Un an plus tard, 18 candidats se disputent la présidence d’un pays qui commence à peine à relever la tête. Les séquelles sociales de la crise sont effroyables: près de 60% de la population vivent au-dessous du seuil de pauvreté, soit à moins de 242 dollars par mois pour une famille de quatre personnes, et 28% sont plongés dans l’extrême misère. Le taux de chômage atteint près de 20% de la population active. Dans certaines provinces argentines, la faim a fait sa réapparition. Une situation incompréhensible dans un pays qui a longtemps été l’un des principaux producteurs agricoles du monde. Le PIB par habitant a brutalement été divisé par quatre en quelques mois, passant de 8500 à 2700 dollars.
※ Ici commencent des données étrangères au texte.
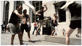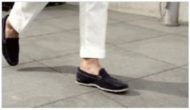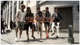 さっそうと歩く5人の男性。Tシャツやジャケット、ハットなどをどんどん着用していきながら街を歩きます。街中でも他に引けを取らない夏ならではのスタイリング。その足元を彩るのは「STEFANOROSSI SUMMER COLLECTION」。
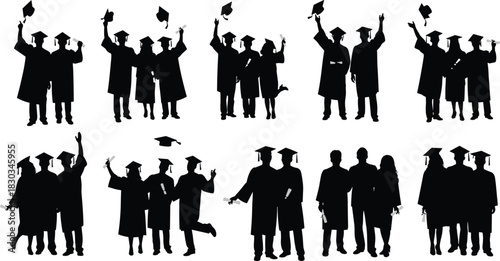 Silhouettes of happy graduates celebrating together in caps and gowns, symbolizing achievement, education success, teamwork, friendship, and academic milestone celebration

La population a survécu en développant de nouvelles formes d’économies basées sur le troc et l’échange. Dans certaines villes, des entreprises en faillite ont été occupées par des collectifs de chômeurs qui ont relancé la production. Les fonctionnaires ont vu leurs salaires baisser considérablement et ont dû accepter d’être rémunérés en bons de paiement au lieu de pesos ou de dollars. Des monnaies parallèles voient le jour dans différentes provinces, à l’instar du patacon dans celle de Buenos Aires.
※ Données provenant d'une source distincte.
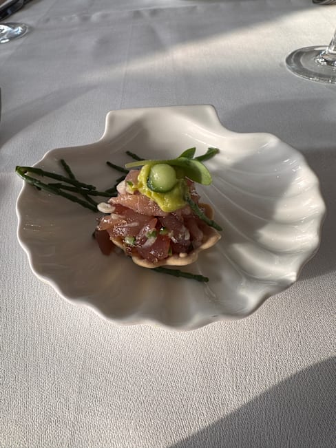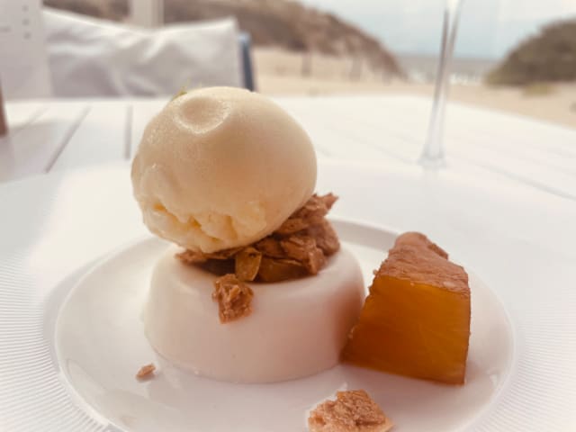 10/10Really nice views to the ocean, since it is protected with the dunes there was not wind, service is excellent, I recommend tartare, scallops and fish.Smart dress code.

Les candidats en lice ont assuré au cours de la campagne que le plus dur était désormais passé et ont promis de remettre l’économie sur ses rails. L’un d’eux est un économiste libéral, Ricardo Lopez Murphy, éphémère ministre de l’Economie du gouvernement de la Rua. Il avait dû renoncer à ses fonctions au bout d’une semaine après avoir tenté de réduire drastiquement le budget de l’Education. Pendant sa campagne, il a soigneusement évité de parler d’économie, s’engageant à lutter activement contre l’insécurité et la faim. Un de ses principaux concurrents, Nestor Kirchner, a déjà annoncé qu’il conserverait, en cas de victoire, l’actuel ministre de l’Economie, Roberto Lavagna. Cet homme est un argument électoral de poids car il a permis de stabiliser une économie au bord du gouffre. De plus, Kirchner est soutenu par l’actuel président, Eduardo Duhalde. Et il pourrait donc faire partie des candidats présents au second tour qui se déroulera le 18 mai, tout comme Alfredo Saa et Elisa Carrio, une croisée de la lutte contre la corruption.
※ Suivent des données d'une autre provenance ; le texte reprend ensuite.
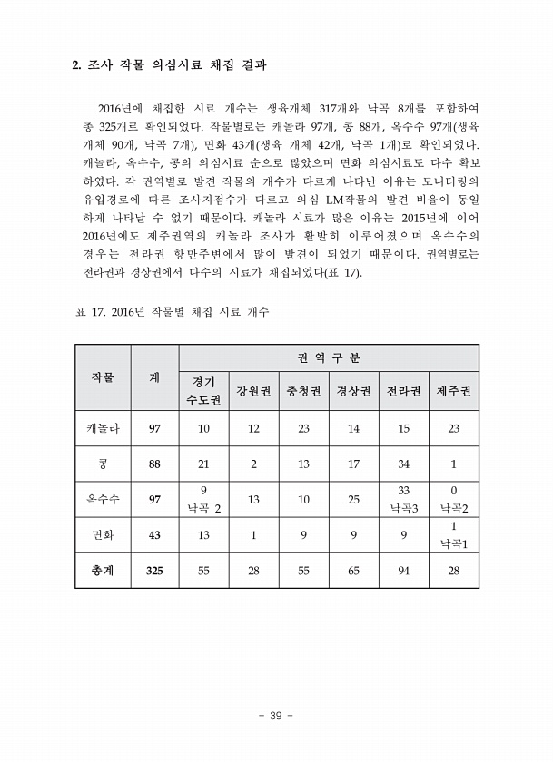 2. 조사 작물 의심시료 채집 결과 2016년에 채집한 시료 개수는 생육개체 317개와 낙곡 8개를 포함하여 총 325개로 확인되었다. 작물별로는 캐놀라 97개, 콩 88개, 옥수수 97개 생육 개체 90개, 낙곡 7개 , 면화 43개 생육 개체 42개, 낙곡 1개 로 확인되었다. 캐놀라, 옥수수, 콩의 의심시료 순으로 많았으며 면화 의심시료도 다수 확보 하였다. 각 권역별로 발견 작물의 개수가 다르게 나타난 이유는 모니터링의 유입경로에 따른 조사지점수가 다르고 의심 LM작물의 발견 비율이 동일 하게 나타날 수 없기 때문이다. 캐놀라 시료가 많은 이유는 2015년에 이어 2016년에도 제주권역의 캐놀라 조사가 활발히 이루어졌으며 옥수수의 경우는 전라권 항만주변에서 많이 발견이 되었기 때문이다. 권역별로는 전...

L’héritage économique et social sera donc très lourd à assumer pour le prochain président. Parmi les dossiers brûlants se trouve notamment la hausse des tarifs des services publics, une des conditions imposées par le Fond monétaire international pour la poursuite de son plan d’aide. Le FMI a d’ores et déjà annoncé qu’il travaillerait avec n’importe lequel des vainqueurs de ces élections. Après de longs mois de négociations, l’institution financière internationale a accepté de débloquer à nouveau des crédits pour l’Argentine dont la dette publique dépasse les 100 milliards de dollars. Certains indicateurs économiques sont à la hausse. Après deux années de sévère récession, le FMI prévoit pour 2003 une augmentation du PIB argentin de 1,5%. L’illusion du retour de la croissance a bien sûr été largement utilisée par les différents candidats qui annoncent des jours meilleurs à l’électorat. Leurs promesses laissent pourtant sceptique une grande partie de la population. Les politiques n’inspirent plus guère confiance dans un pays miné par la mauvaise gestion. Et pendant de longs mois, les manifestants qui descendaient dans les rues n’ont d’ailleurs eu qu’un seul slogan: «qu’ils s’en aillent tous!».